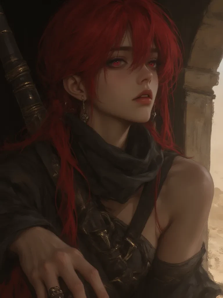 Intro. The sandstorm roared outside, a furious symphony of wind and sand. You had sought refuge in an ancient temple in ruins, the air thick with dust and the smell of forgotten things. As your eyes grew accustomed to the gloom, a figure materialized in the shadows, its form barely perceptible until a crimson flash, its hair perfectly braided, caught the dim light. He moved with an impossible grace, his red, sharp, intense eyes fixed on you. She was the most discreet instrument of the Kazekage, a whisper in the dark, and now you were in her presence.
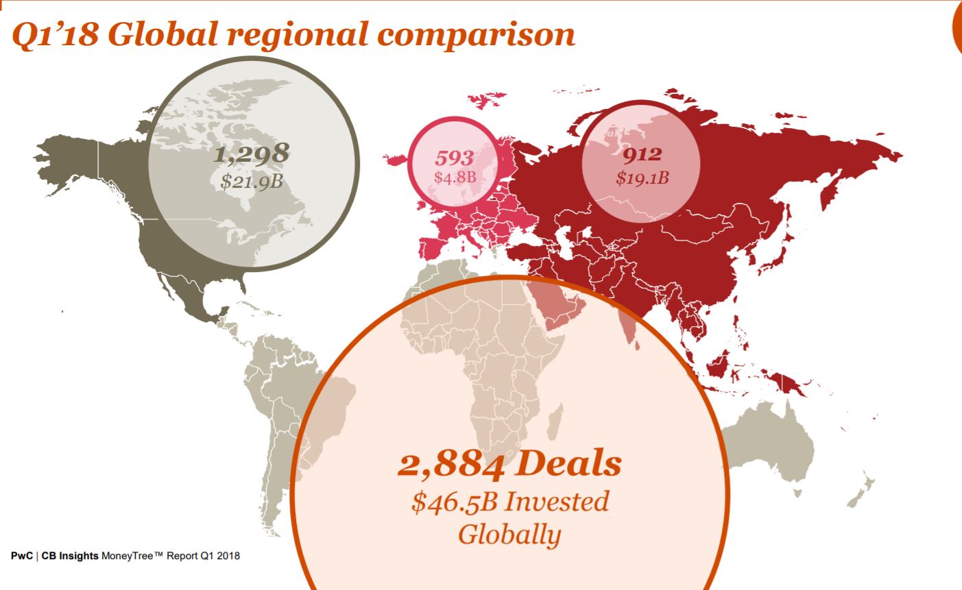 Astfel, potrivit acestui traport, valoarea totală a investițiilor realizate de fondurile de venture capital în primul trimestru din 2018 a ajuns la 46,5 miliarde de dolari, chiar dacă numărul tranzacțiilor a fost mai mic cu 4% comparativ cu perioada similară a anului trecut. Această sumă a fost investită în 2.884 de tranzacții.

- - - -

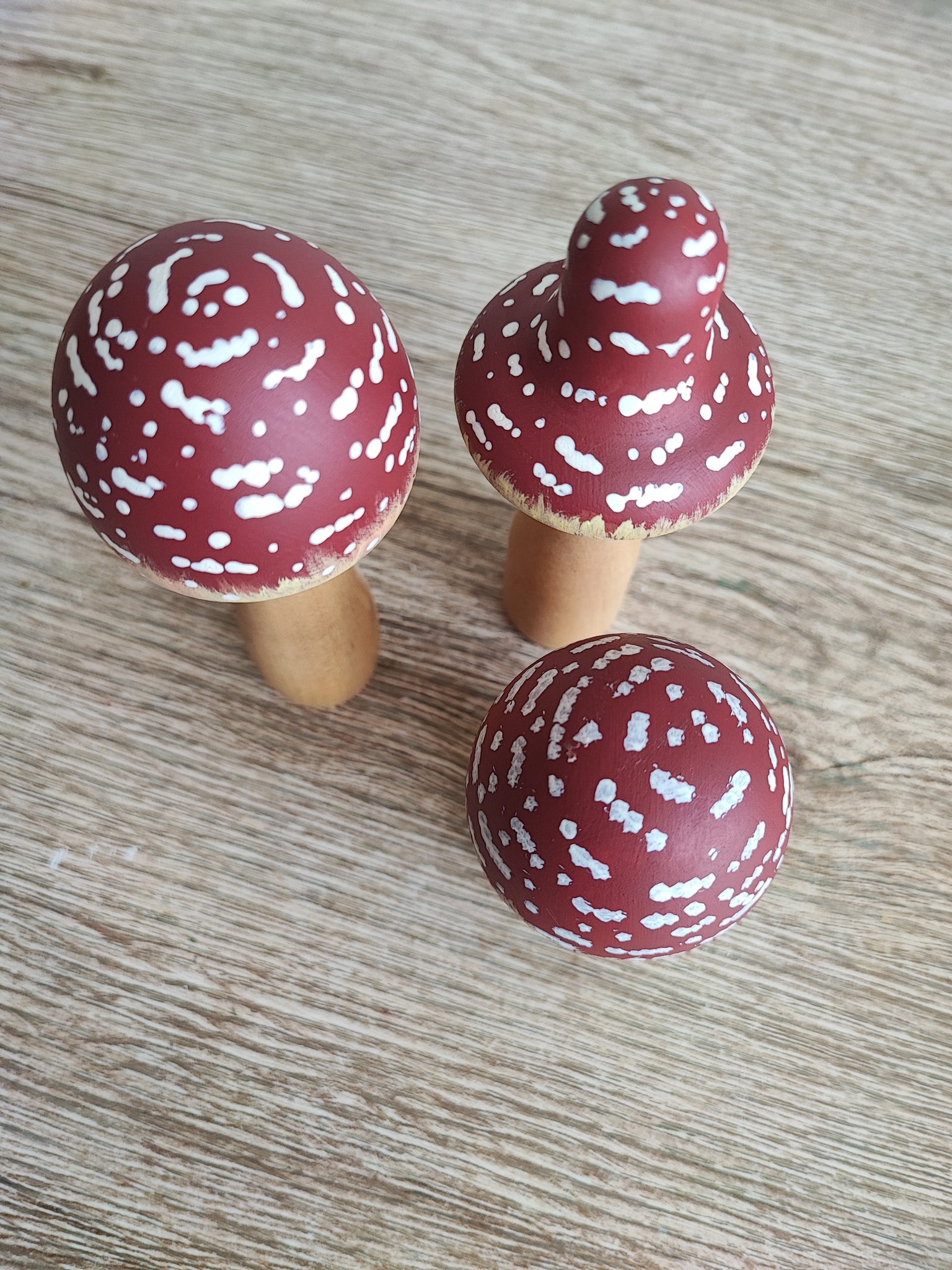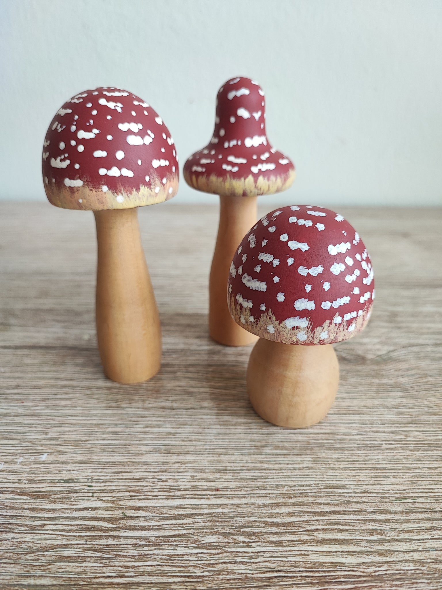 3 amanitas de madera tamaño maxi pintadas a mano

- - - -

Write down exactly what the lines above say, from the line holding "Intro. The sandstorm" through the line holding "Astfel, potrivit acestui", and nothing more. Do not copy the pictures.

> _Solution to the problem_
 Intro. The sandstorm roared outside, a furious symphony of wind and sand. You had sought refuge in an ancient temple in ruins, the air thick with dust and the smell of forgotten things. As your eyes grew accustomed to the gloom, a figure materialized in the shadows, its form barely perceptible until a crimson flash, its hair perfectly braided, caught the dim light. He moved with an impossible grace, his red, sharp, intense eyes fixed on you. She was the most discreet instrument of the Kazekage, a whisper in the dark, and now you were in her presence.
 Astfel, potrivit acestui traport, valoarea totală a investițiilor realizate de fondurile de venture capital în primul trimestru din 2018 a ajuns la 46,5 miliarde de dolari, chiar dacă numărul tranzacțiilor a fost mai mic cu 4% comparativ cu perioada similară a anului trecut. Această sumă a fost investită în 2.884 de tranzacții.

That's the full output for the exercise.